Hint Okyanusu’nda ‘İnce Karadeniz’ isimli gemide kaptanı öldürdüğü, 8 kişiyi yaraladığı gerekçesiyle ağırlaştırılmış müebbet ve 140 yıldan 175 yıla kadar hapsi istenen sanık Ergin Aktaş hakim karşısına çıktı. Duruşmada gemi kaptanının kardeşi sanığa, “Cehennem ateşinde yanacaksın” diyerek tepki gösterdi.

Hint Okyanusu’nda Aralık 2019 tarihinde ‘İnce Karadeniz’ isimli gemi Endonezya’nın Semerang limanından yük aldıktan sonra okyanusa açılmış, gemi kaptanı Bora Ekşi öncesinde tartışma yaşadığı makine yağcısı Ergin Aktaş tarafından uğradığı bıçaklı saldırı sonucu hayatını kaybetmişti. Yaşanan olayın ardından mürettebat tarafından etkisiz hale getirilen sanık Aktaş, Sri Lanka’da güvenlik güçlerine teslim edilmişti.

Sri Lanka’daki işlemlerinin tamamlanmasının ardından İstanbul’a getirilen sanık tutuklanmıştı. İstanbul Cumhuriyet Başsavcılığınca, 1 kişiyi öldürdüğü, 8 kişiyi yaraladığı gerekçesiyle ‘kasten öldürme’, ‘kasten öldürmeye teşebbüs’ ve ‘tehdit’ suçlarından ağırlaştırılmış müebbet ve 140 yıldan 175 yıla kadar hapis istemiyle hakkında dava açılan sanık hakim karşısına çıktı. İstanbul 1. Ağır Ceza Mahkemesindeki duruşmaya tutuklu sanık Ergin Aktaş SEGBİS yolu ile bağlanırken, öldürülen gemi kaptanının babası Vahdettin Ekşi, kardeşi İrem Mutlu Ekşi’nin aralarında bulunduğu müştekiler ve tarafların avukatları katıldı.

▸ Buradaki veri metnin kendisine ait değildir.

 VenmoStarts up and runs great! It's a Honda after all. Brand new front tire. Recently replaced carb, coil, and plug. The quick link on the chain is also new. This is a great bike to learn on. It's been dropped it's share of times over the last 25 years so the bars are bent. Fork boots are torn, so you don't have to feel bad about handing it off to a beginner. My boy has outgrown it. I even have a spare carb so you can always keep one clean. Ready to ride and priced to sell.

“ONA KİN DUYDUĞUM DOĞRU DEĞİLDİR”

Zaman zaman rahatsızlandığını belirten sanık Ergin Aktaş savunmasında, “Kaptanlarımdan ilaç talep ediyordum. Maktul Bora Ekşi de bana ilaçlarımı veriyordu. İyi niyetli şekilde ilgilendiğini düşünüyordum. 10 Kasım’da Mustafa Kemal Atatürk’ü anma töreni yapıldı. Bu törenden sonra ben, geminin anons sisteminden, tüm geminin duyacağı şekilde, Peygamber efendimiz için de anma yapılır diyerek anons yaptım. Bu olaydan sonra maktul benim ile konuşarak yaptığımın doğru olmadığını söyledi. Kendisinden özür diledim. Ona kin duyduğum doğru değildir” dedi.

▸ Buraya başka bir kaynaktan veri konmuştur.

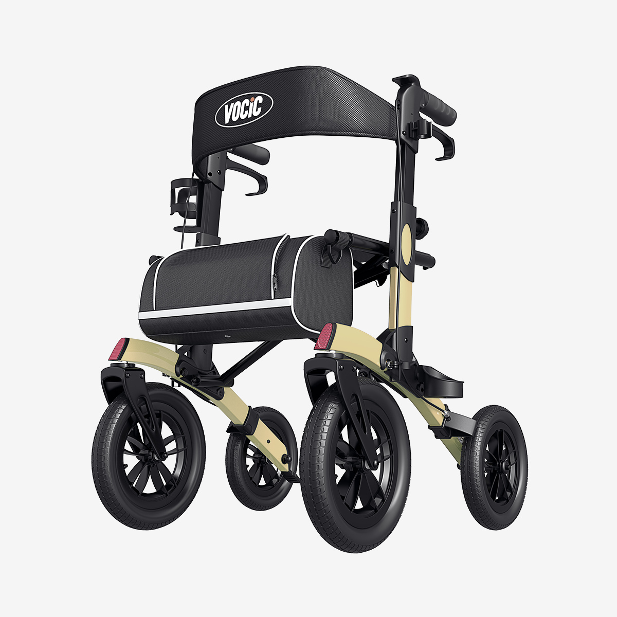 Der VOCIC Z52 Rollator ist faltbar, besonders leicht und für jedes Gelände geeignet, ideal für Spaziergänge auf Asphalt, Kies oder Waldwegen.

“KENDİMİ ASKERİ BİR GEMİDE DÜŞÜNDÜM”

Maktul Bora Ekşi’nin ailesini aradığını bildiğini söyleyen sanık Aktaş, “Kendisine bu nedenle kızmadım. Olay tarihinde ilaç almıştım ve kendimi bir askeri gemide düşünerek, kaptanının da yabancı bir kaptan olduğuna inanarak yemekhaneye gidip ekmek bıçağı aldım. Önce köprü üstüne çıktım, daha sonra Bora kaptanın kamarasına inerek kapıyı çaldım. Kim o diye seslendi, ilaç almak istediğimi söyleyerek içe girdim. Daha sonra bıçağı kendisine sapladım. Bağırış olunca da odadan dışarı çıktım. Dışarıda ikinci kaptan bıçağı var diye anons etti. Sonra diğer gemi personeli üzerime geldi ve onları düşman askeri görerek onlara da bıçak salladım. Daha sonra yağcı, beni bayılttı. Yanlış hatırlıyor olabilirim ama beni bağladılar” diye konuştu.

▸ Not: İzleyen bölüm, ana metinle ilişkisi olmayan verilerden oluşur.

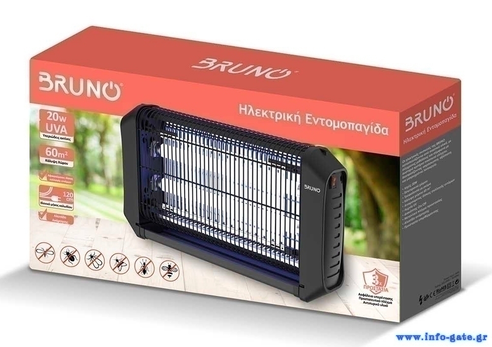 BRUNO ηλεκτρική εντομοπαγίδα BRN-0186 με UV λυχνία, 20W, μαύρη

“KAMARAYA KAÇIP KENDİMİ KİLİTLEDİM”

Duruşmada beyanda bulunan müşteki gemi kaptanı Hazel Tecer, “Maktulün kamarası ile benim kamaram çok yakındı. Sanığın olay günü maktulün kamarasının önünde tartıştığını duydum. Beni neden aileme şikayet ettiniz şeklinde şeyler söylüyordu. Maktul de sen geç uyu yarın konuşuruz diye sakinleştirmeye çalışıyordu. Daha sonra ayrıldığını düşündüm. Kısa bir süre sonra maktulün ‘Ergin yapma, beni öldürme’ diye bağırdığını duydum. Kapıya koştum ve kilitli olduğunu anladım. Diğer personelleri çağırmak için uğraşıyordum, sanık kapıyı açtı. Üstü kan içindeydi. Elinde bıçak vardı. Daha sonra İsmail Çeken’e bıçağı savurdu ve suratından yaraladı. Beni de bacağımdan yaraladı. Kendi kamarama kaçıp kapıyı kilitledim. Daha sonra bana, ‘beni niye engelledin, herkesi öldürecektim’ diye beyanda bulunduğunu hatırlıyorum” şeklinde konuştu.

“SANIK AJİTASYON YAPTI”

Sanığın cezalandırılmasını isteyen kaptan Bora Ekşi’nin kardeşi İrem Ekşi Mutlu, “En ağır şekilde cezalandırılmasını talep ediyorum. Hiçbir indirim yapılmasını kabul etmiyorum. Ağabeyim sanığa karşı her zaman iyi niyetle yaklaşırken sanık ajitasyon yaparak bunu kötüye kullandı” dedi. Duruşmada söz alan diğer gemi personelleri de davaya katılmak istediklerini, şikayetçi olduklarını söyledi.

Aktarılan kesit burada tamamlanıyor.